# Dataset excerpts
BEGIN

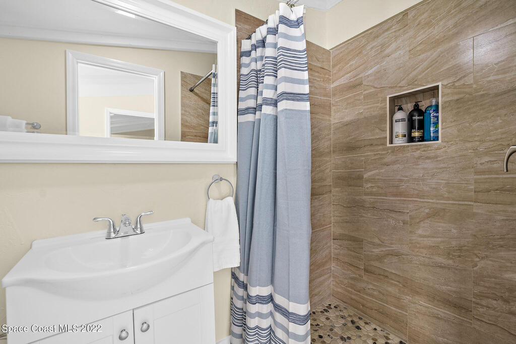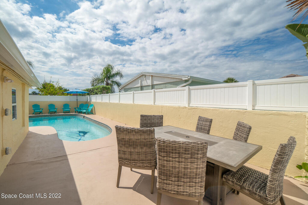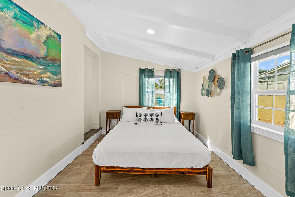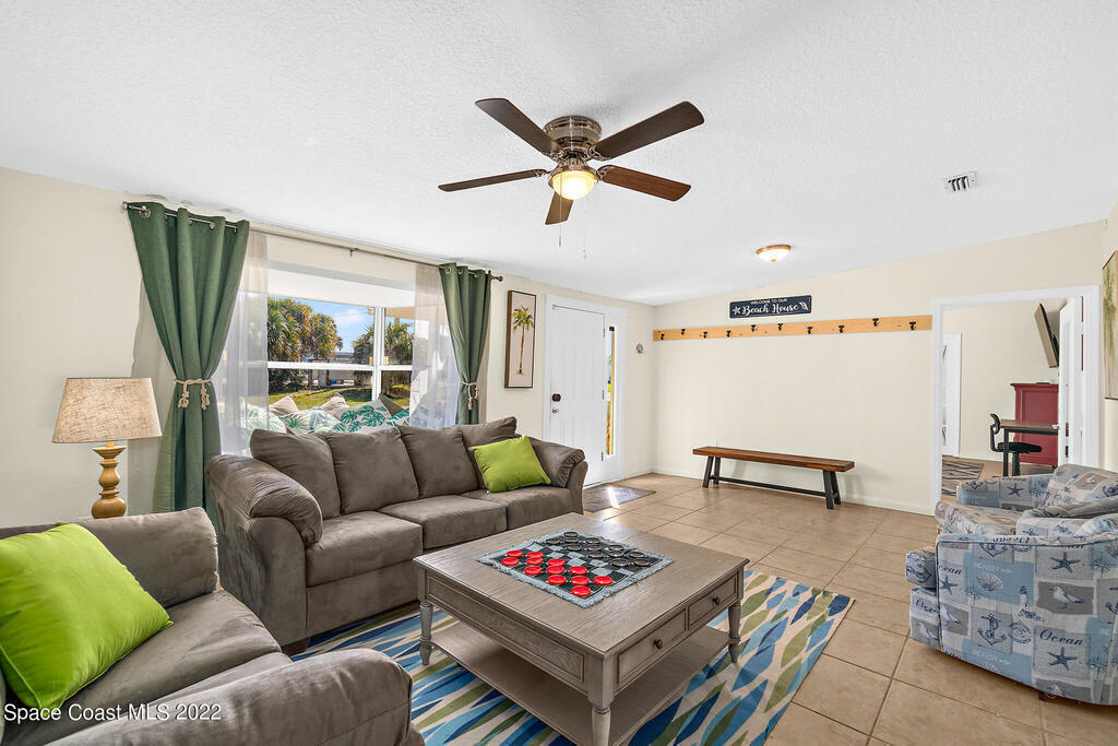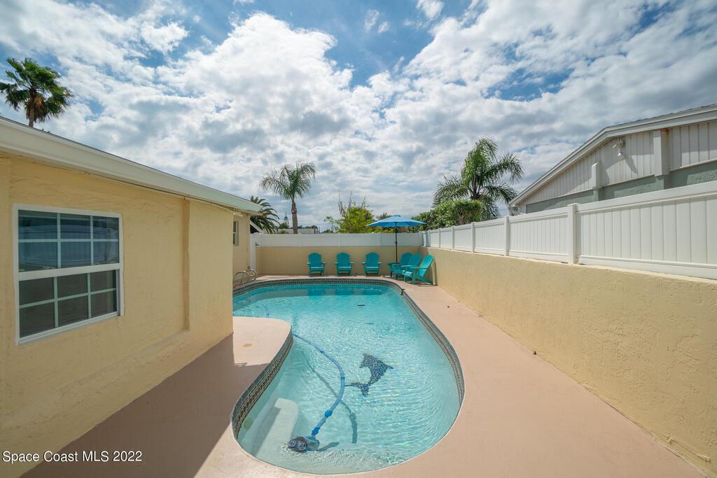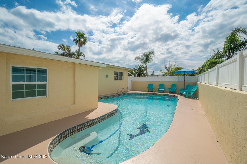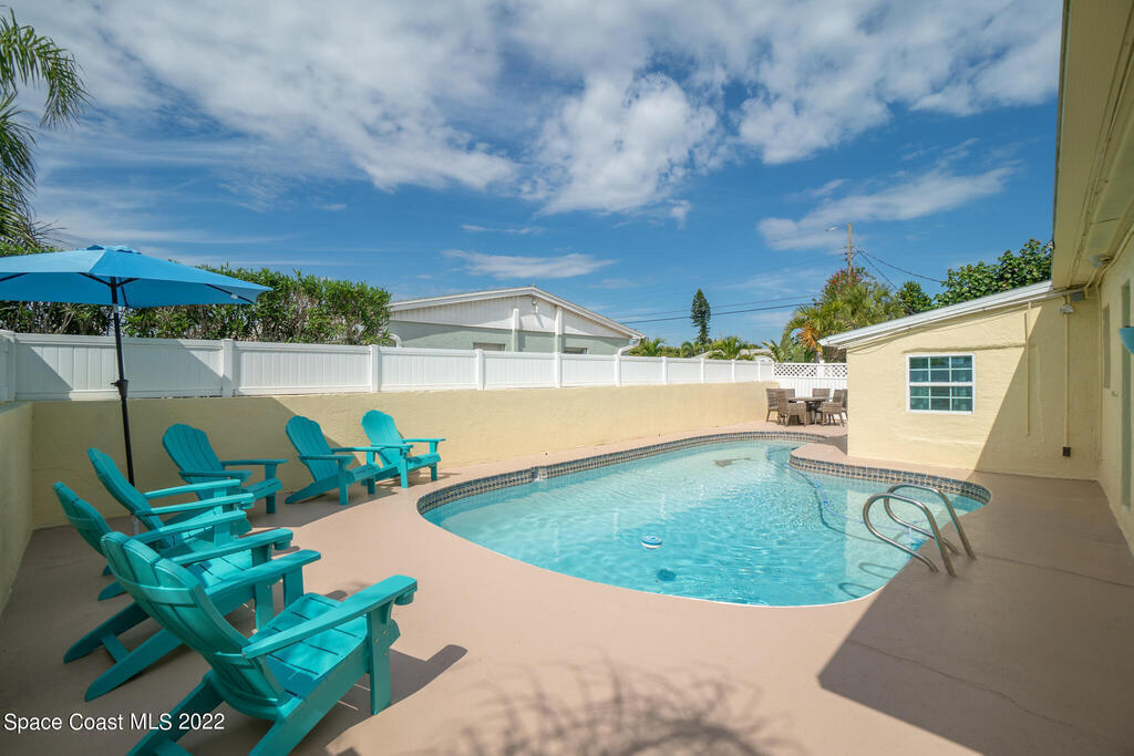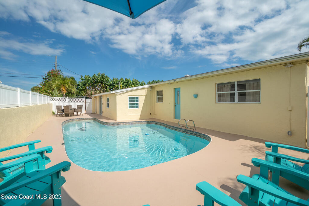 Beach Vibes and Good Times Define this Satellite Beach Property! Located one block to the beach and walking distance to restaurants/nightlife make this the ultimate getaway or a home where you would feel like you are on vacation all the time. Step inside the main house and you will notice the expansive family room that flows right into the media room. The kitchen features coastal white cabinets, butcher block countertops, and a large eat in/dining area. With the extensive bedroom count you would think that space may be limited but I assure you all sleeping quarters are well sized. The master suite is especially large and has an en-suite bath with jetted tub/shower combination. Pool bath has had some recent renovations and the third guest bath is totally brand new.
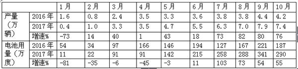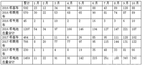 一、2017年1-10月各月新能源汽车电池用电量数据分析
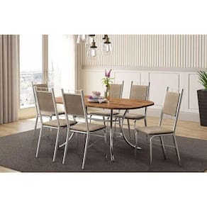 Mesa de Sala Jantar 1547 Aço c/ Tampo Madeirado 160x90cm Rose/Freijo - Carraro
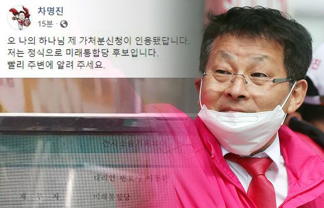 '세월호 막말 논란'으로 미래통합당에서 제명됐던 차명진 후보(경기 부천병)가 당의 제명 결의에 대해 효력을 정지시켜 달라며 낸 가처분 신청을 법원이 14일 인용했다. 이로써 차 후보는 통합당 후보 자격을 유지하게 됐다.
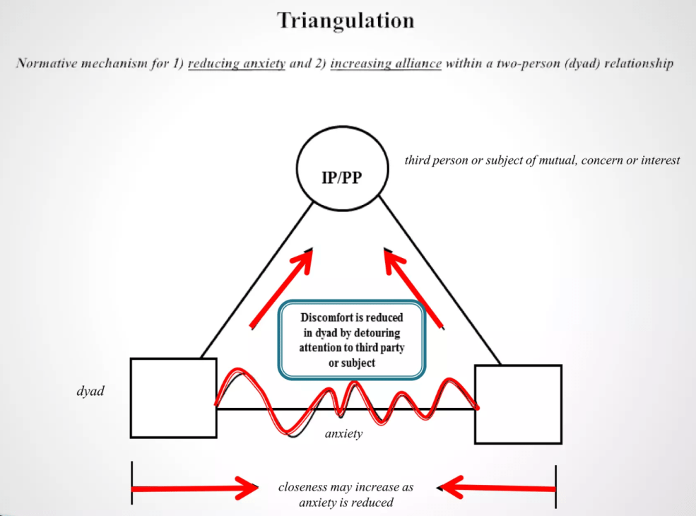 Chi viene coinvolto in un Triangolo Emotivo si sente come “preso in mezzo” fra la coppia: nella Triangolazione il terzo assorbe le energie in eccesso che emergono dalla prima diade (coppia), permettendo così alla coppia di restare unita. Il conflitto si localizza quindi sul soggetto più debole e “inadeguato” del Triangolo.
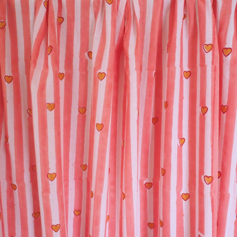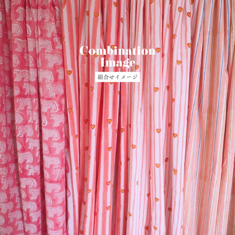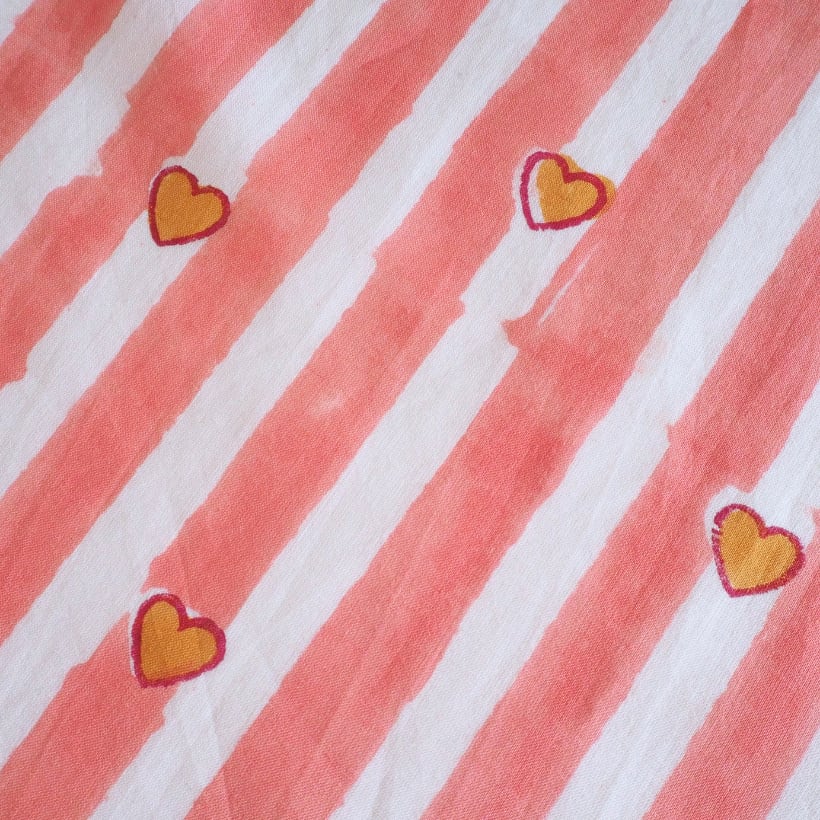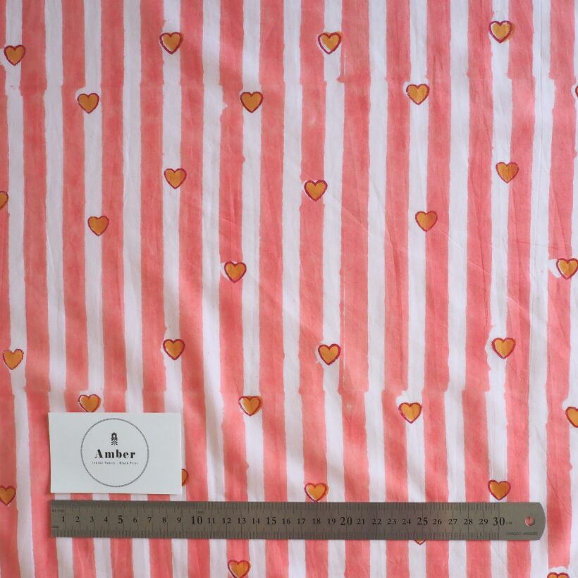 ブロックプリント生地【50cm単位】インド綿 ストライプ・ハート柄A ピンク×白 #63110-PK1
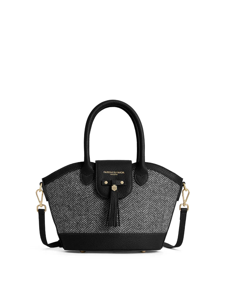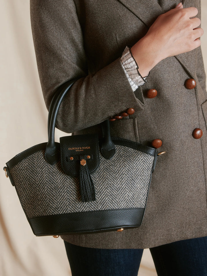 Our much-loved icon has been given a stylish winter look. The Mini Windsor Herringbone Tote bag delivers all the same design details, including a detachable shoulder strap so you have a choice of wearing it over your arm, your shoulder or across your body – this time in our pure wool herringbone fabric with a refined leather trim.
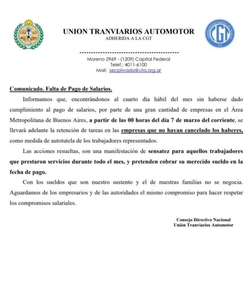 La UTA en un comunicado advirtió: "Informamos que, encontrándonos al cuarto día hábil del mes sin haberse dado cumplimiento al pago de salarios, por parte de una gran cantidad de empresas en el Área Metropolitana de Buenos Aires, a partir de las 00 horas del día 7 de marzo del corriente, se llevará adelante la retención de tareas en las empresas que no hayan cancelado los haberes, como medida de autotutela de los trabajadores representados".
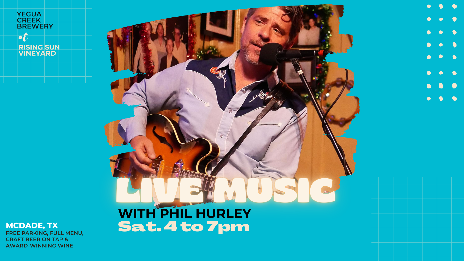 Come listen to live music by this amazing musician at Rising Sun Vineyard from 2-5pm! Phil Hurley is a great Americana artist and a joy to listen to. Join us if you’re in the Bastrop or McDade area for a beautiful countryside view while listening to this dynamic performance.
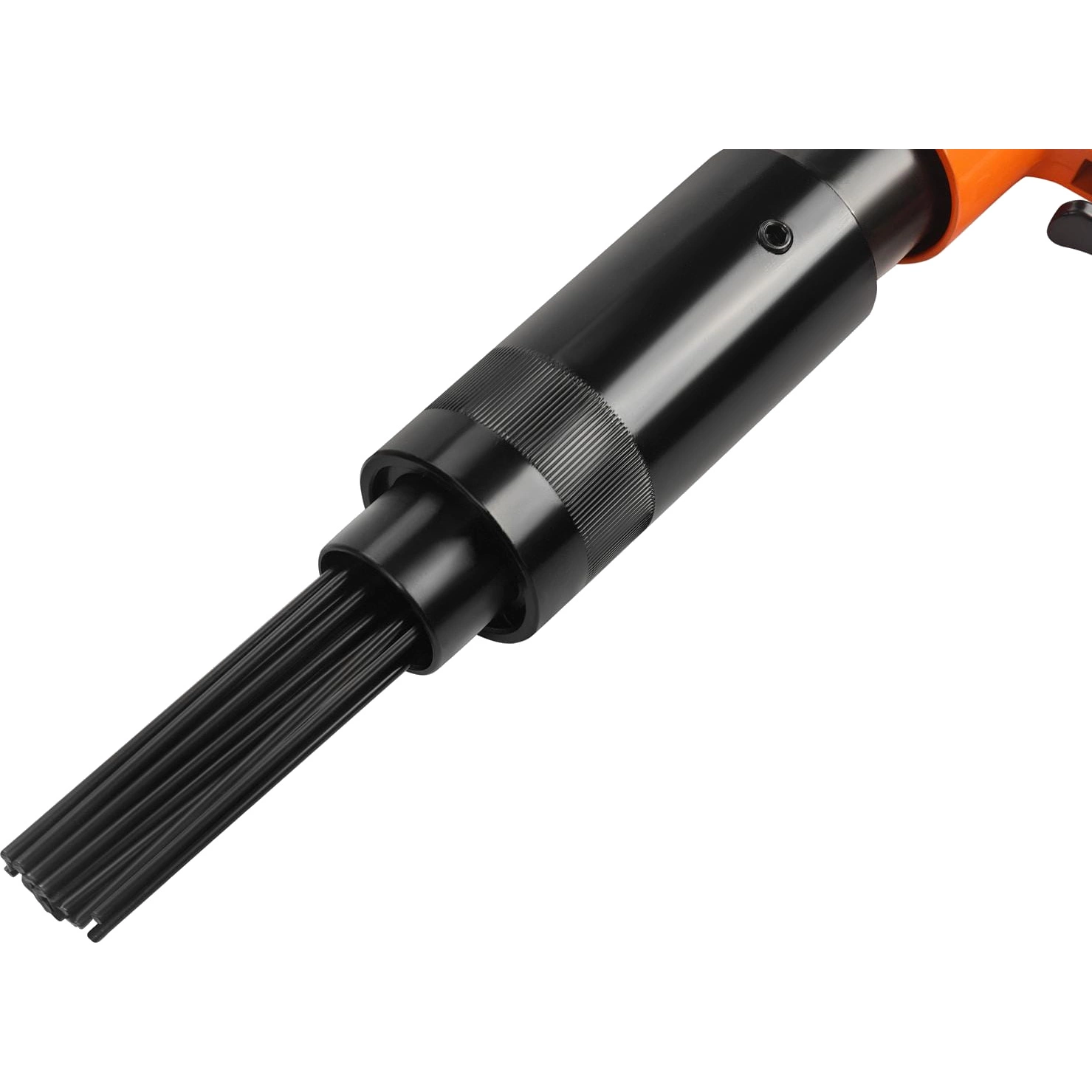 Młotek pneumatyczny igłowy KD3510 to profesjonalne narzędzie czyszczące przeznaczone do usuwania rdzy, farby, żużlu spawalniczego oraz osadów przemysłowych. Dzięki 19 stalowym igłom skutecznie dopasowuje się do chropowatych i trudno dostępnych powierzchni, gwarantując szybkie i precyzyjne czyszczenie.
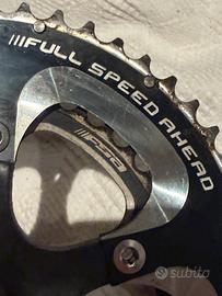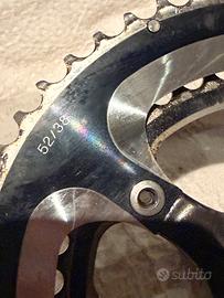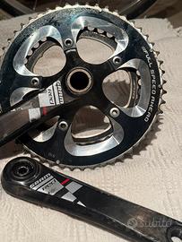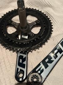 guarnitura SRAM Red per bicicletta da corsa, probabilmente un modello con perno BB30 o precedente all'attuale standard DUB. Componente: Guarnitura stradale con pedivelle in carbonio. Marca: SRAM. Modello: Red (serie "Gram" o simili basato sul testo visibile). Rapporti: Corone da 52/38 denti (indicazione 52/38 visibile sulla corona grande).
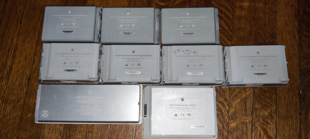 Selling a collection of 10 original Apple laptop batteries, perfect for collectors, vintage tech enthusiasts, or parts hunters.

END

Write the data above out exactly. Leave out any pictures.

# ANSWER TO THIS EXERCISE
 Beach Vibes and Good Times Define this Satellite Beach Property! Located one block to the beach and walking distance to restaurants/nightlife make this the ultimate getaway or a home where you would feel like you are on vacation all the time. Step inside the main house and you will notice the expansive family room that flows right into the media room. The kitchen features coastal white cabinets, butcher block countertops, and a large eat in/dining area. With the extensive bedroom count you would think that space may be limited but I assure you all sleeping quarters are well sized. The master suite is especially large and has an en-suite bath with jetted tub/shower combination. Pool bath has had some recent renovations and the third guest bath is totally brand new.
 一、2017年1-10月各月新能源汽车电池用电量数据分析
 Mesa de Sala Jantar 1547 Aço c/ Tampo Madeirado 160x90cm Rose/Freijo - Carraro
 '세월호 막말 논란'으로 미래통합당에서 제명됐던 차명진 후보(경기 부천병)가 당의 제명 결의에 대해 효력을 정지시켜 달라며 낸 가처분 신청을 법원이 14일 인용했다. 이로써 차 후보는 통합당 후보 자격을 유지하게 됐다.
 Chi viene coinvolto in un Triangolo Emotivo si sente come “preso in mezzo” fra la coppia: nella Triangolazione il terzo assorbe le energie in eccesso che emergono dalla prima diade (coppia), permettendo così alla coppia di restare unita. Il conflitto si localizza quindi sul soggetto più debole e “inadeguato” del Triangolo.
 ブロックプリント生地【50cm単位】インド綿 ストライプ・ハート柄A ピンク×白 #63110-PK1
 Our much-loved icon has been given a stylish winter look. The Mini Windsor Herringbone Tote bag delivers all the same design details, including a detachable shoulder strap so you have a choice of wearing it over your arm, your shoulder or across your body – this time in our pure wool herringbone fabric with a refined leather trim.
 La UTA en un comunicado advirtió: "Informamos que, encontrándonos al cuarto día hábil del mes sin haberse dado cumplimiento al pago de salarios, por parte de una gran cantidad de empresas en el Área Metropolitana de Buenos Aires, a partir de las 00 horas del día 7 de marzo del corriente, se llevará adelante la retención de tareas en las empresas que no hayan cancelado los haberes, como medida de autotutela de los trabajadores representados".
 Come listen to live music by this amazing musician at Rising Sun Vineyard from 2-5pm! Phil Hurley is a great Americana artist and a joy to listen to. Join us if you’re in the Bastrop or McDade area for a beautiful countryside view while listening to this dynamic performance.
 Młotek pneumatyczny igłowy KD3510 to profesjonalne narzędzie czyszczące przeznaczone do usuwania rdzy, farby, żużlu spawalniczego oraz osadów przemysłowych. Dzięki 19 stalowym igłom skutecznie dopasowuje się do chropowatych i trudno dostępnych powierzchni, gwarantując szybkie i precyzyjne czyszczenie.
 guarnitura SRAM Red per bicicletta da corsa, probabilmente un modello con perno BB30 o precedente all'attuale standard DUB. Componente: Guarnitura stradale con pedivelle in carbonio. Marca: SRAM. Modello: Red (serie "Gram" o simili basato sul testo visibile). Rapporti: Corone da 52/38 denti (indicazione 52/38 visibile sulla corona grande).
 Selling a collection of 10 original Apple laptop batteries, perfect for collectors, vintage tech enthusiasts, or parts hunters.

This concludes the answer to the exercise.